GIVEN DATA

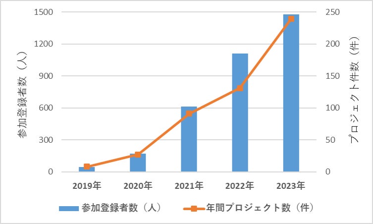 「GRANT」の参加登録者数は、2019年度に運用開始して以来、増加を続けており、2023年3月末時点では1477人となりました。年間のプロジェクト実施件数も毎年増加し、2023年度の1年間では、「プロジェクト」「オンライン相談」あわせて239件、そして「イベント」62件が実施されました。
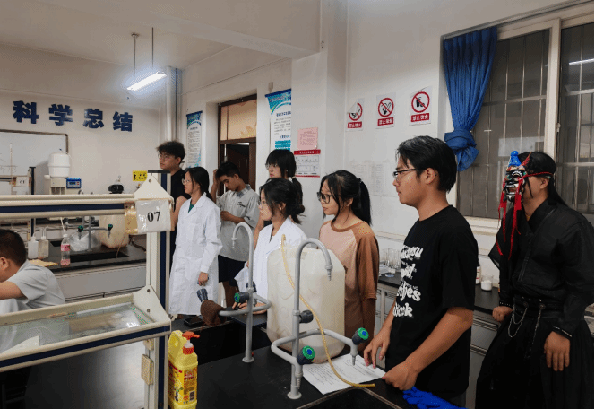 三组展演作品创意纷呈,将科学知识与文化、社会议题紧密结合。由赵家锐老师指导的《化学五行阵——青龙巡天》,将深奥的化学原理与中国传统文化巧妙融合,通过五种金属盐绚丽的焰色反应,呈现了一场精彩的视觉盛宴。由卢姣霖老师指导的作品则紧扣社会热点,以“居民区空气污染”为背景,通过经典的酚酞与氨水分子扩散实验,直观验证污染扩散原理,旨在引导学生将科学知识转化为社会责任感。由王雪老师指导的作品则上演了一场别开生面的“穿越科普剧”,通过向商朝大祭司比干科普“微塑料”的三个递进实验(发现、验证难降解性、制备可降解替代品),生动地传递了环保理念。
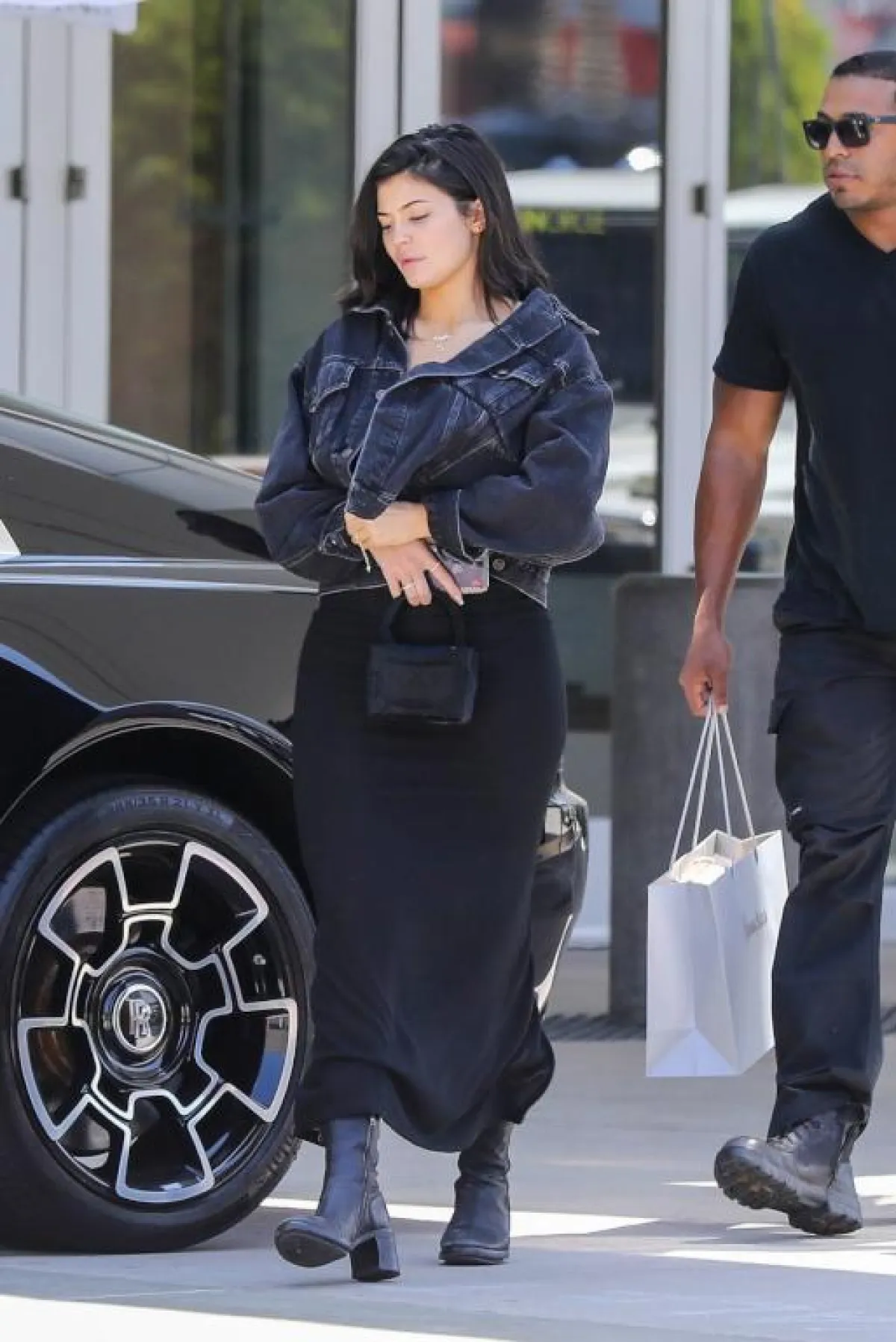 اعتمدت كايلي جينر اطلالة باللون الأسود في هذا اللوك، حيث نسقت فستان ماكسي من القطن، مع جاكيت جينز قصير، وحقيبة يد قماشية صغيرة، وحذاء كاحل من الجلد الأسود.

EXERCISE DETAILS
Retype all the data exactly. Omit pictures.

ANSWER SECTION
 「GRANT」の参加登録者数は、2019年度に運用開始して以来、増加を続けており、2023年3月末時点では1477人となりました。年間のプロジェクト実施件数も毎年増加し、2023年度の1年間では、「プロジェクト」「オンライン相談」あわせて239件、そして「イベント」62件が実施されました。
 三组展演作品创意纷呈,将科学知识与文化、社会议题紧密结合。由赵家锐老师指导的《化学五行阵——青龙巡天》,将深奥的化学原理与中国传统文化巧妙融合,通过五种金属盐绚丽的焰色反应,呈现了一场精彩的视觉盛宴。由卢姣霖老师指导的作品则紧扣社会热点,以“居民区空气污染”为背景,通过经典的酚酞与氨水分子扩散实验,直观验证污染扩散原理,旨在引导学生将科学知识转化为社会责任感。由王雪老师指导的作品则上演了一场别开生面的“穿越科普剧”,通过向商朝大祭司比干科普“微塑料”的三个递进实验(发现、验证难降解性、制备可降解替代品),生动地传递了环保理念。
 اعتمدت كايلي جينر اطلالة باللون الأسود في هذا اللوك، حيث نسقت فستان ماكسي من القطن، مع جاكيت جينز قصير، وحقيبة يد قماشية صغيرة، وحذاء كاحل من الجلد الأسود.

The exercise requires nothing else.